За полвека до Толстого Пушкин восклицал: «Что же и составляет величие человека, как не мысль?»
А характеризуя деятельность Петра, он признавался: «Следовать за мыслями великого человека есть наука самая занимательная».
Виднейшие представители науки «человековедения» в этом мнении удивительно единодушны. Горький писал:
«Прежде всего и еще раз — наша книга о достижениях науки и техники должна давать не только конечные результаты мысли и опыта, но вводить читателя в самый процесс исследовательской работы, показывая постепенное преодоление трудностей и поиски верного метода. Науку и технику надо изображать не как склад готовых открытий и изобретений, а как арену борьбы, где конкретный, живой человек преодолевает сопротивление материала и традиций».

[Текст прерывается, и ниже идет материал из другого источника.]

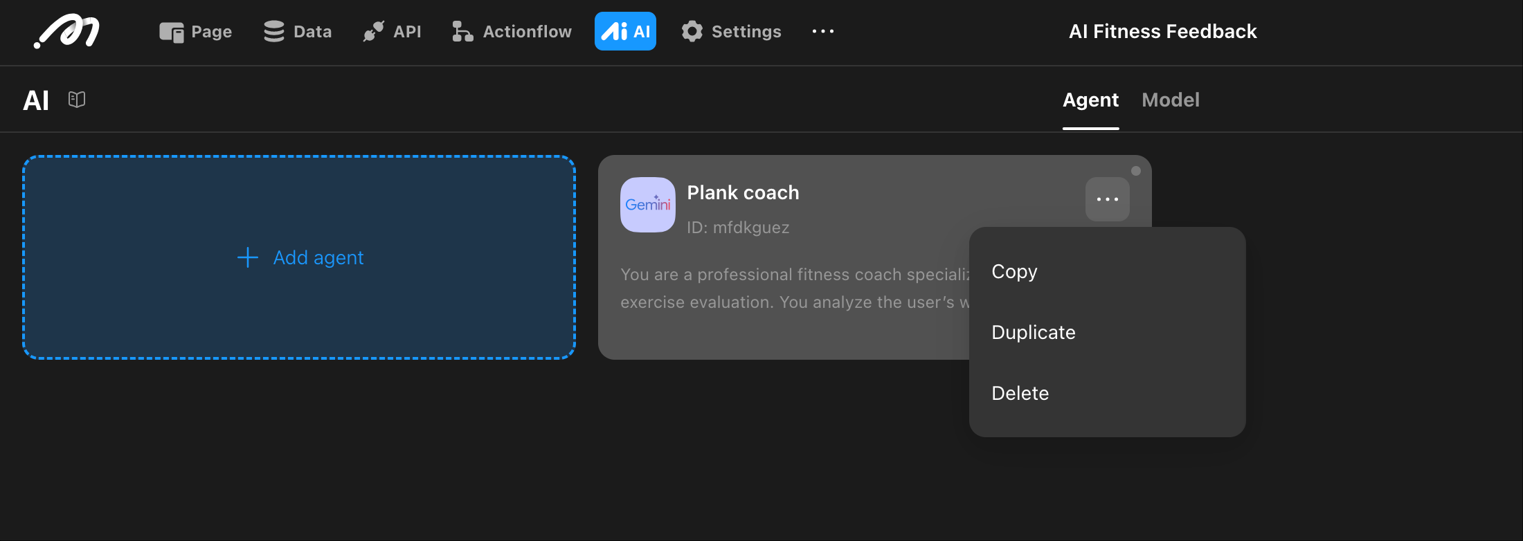In Momen, open your AI agent and copy the AI Blueprint (from the top-right menu).

Такие книги должны были бы оставлять людям великие умы человечества, непосредственные деятели пауки. Но, кажется, только Чарлз Дарвин оставил нам «Воспоминания о развитии моего ума и характера».
В творческой лаборатории математика разобраться постороннему человеку несравненно труднее, чем в умственном хозяйстве геометра, а тем более художника, не мы все-таки попытаемся сделать это.

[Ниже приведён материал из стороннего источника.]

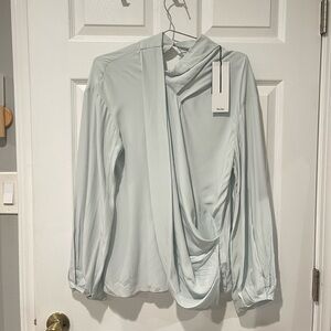 Acler Asymmetric Draped Silk Touch Top - Ice Blue - New With Tags
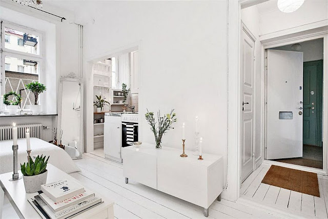 Sekret to duża ilość bieli, meble dobrane do wielkości mieszkania (wąska szafa, zobaczcie jak układane są w niej ubrania) oraz minimalna kuchnia i łazienka, tak aby jak najwięcej miejsca zostało na pokój dzienny (zresztą to sekret budownictwa wielorodzinnego z lat 70 – tych). Jednak mała kuchnia zmusiła lokatorkę tego mieszkania, aby umieścić lodówkę w pokoju, pewnie dlatego postawiono na jej design! To mieszkania znajduje się w stolicy Szwecji!
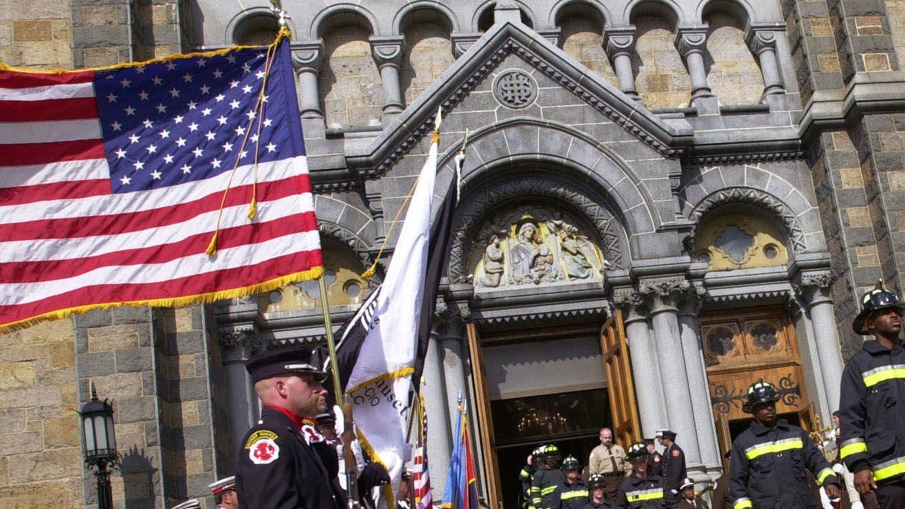 Bomberos de Massachusetts y Nueva York salen de la Iglesia de la Misión tras un servicio religioso en memoria de su compañero Manuel DelValle, el 19 de septiembre de 2001. Crédito: Elise Amendola | AP

Содержанием всех ранних работ Чаплыгина является решение различных задач классической механики. «Было бы чрезвычайно трудно уловить влияние
Еще Гюйгенс, знаменитый физик семнадцатого века, высказывал сомнение, что мог найтись такой гений, который изобрел бы зрительную трубу без помощи случая.

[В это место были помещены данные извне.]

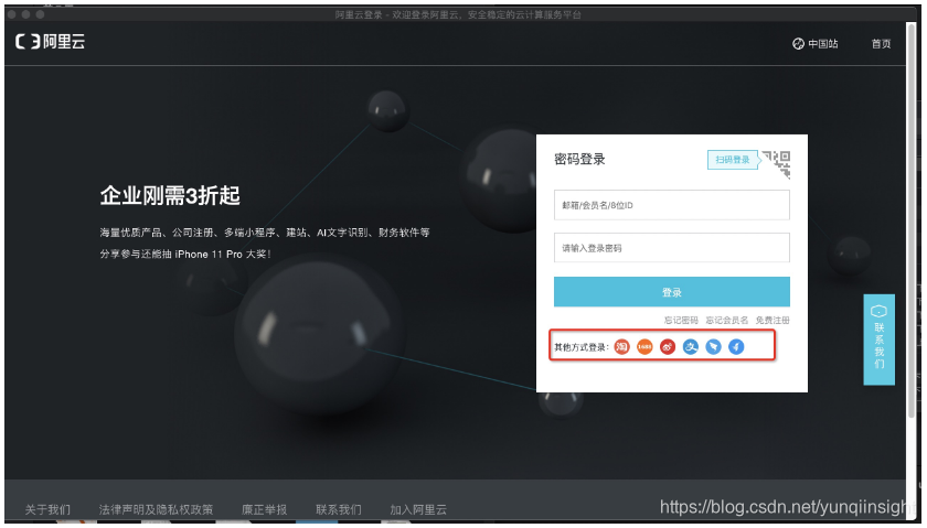 双击打开软件,进入到阿里云账号登录页面,可选多种登录方式

А ровесник Чаплыгина, русский ученый и историк химии, академик Павел Иванович Вальден, прямо утверждал: «Почти все великое, что у нас имеется в науке и в технике, главным образом найдено при помощи случая».
В самом деле! Архимед, величайший из математиков древности, погружаясь в ванну, чувствует легкость своего тела, видит переливающуюся через край воду и приходит к известному гидростатическому закону, носящему его имя. Не менее славный математик Пифагор, проходя мимо кузницы, откуда слышались удары молотов трех кузнецов, открывает арифметическое соотношение звуков и утверждается в своем открытии опытом со струнами. Галилей формулирует основные законы динамики, наблюдая качание люстры в Пизанском соборе. Падающее яблоко наводит Ньютона на размышления о законе всемирного тяготения. Джемс Уатт вспоминает, что мысль об отдельном конденсаторе пришла к нему, когда он проходил мимо прачечной, из окон которой валил пар.
На протяжении всей истории науки и техники господствует случайное совпадение событий, приводящих к открытиям и изобретениям. Счастливые случаи сопровождали научную деятельность Жуковского. В создании его циркуляционной теории участвовал бумажный змей; к вихревой теории гребного винта привели Николая Егоровича фотографии корабельного винта; наблюдая полет бесхвостого голубя, поворачивавшегося с помощью перекоса концов крыльев, «отец русской авиации» предлагает строить самолеты с перекашиванием концов крыла. В то же время и к тому же выводу о необходимости перекашивания концов крыльев аэроплана приходит Вильбур Райт, отпуская в своем магазине покупателю велосипедную покрышку и машинально вертя в руках коробку от покрышки…
Летчик-испытатель М. Галлай, вспоминая об известном конструкторе самолетов Семене Алексеевиче Лавочкине, указывает на одну особенность самолетов Лавочкина — необычайную «живучесть» его конструкций, сказавшуюся во второй мировой войне.
«Излишне говорить, как ценили это свойство самолета ЛАГГ-3 наши летчики, — пишет Галлай. — Зашла о нем речь и на одном из многочисленных совещаний, связанных с работами по новым истребителям. И тут Семен Алексеевич задумчиво бросил:
— Это у нас получилось случайно…
Заметьте: так было сказано не в дружеской беседе с глазу на глаз с приятелем, а на достаточно широком, как говорят, „представительном“ совещании. Далеко не всякий конструктор так естественно и легко отказался бы от возможности обыграть столь драгоценное свойство, обнаружившееся в его детище, и признался бы в том, что это свойство получилось „само собой“, помимо сознательного замысла создателей машины».
История «случайных» открытий и изобретений не замыкается временем. Она продолжается до наших дней. Ее дополняют признания самих деятелей науки и техники.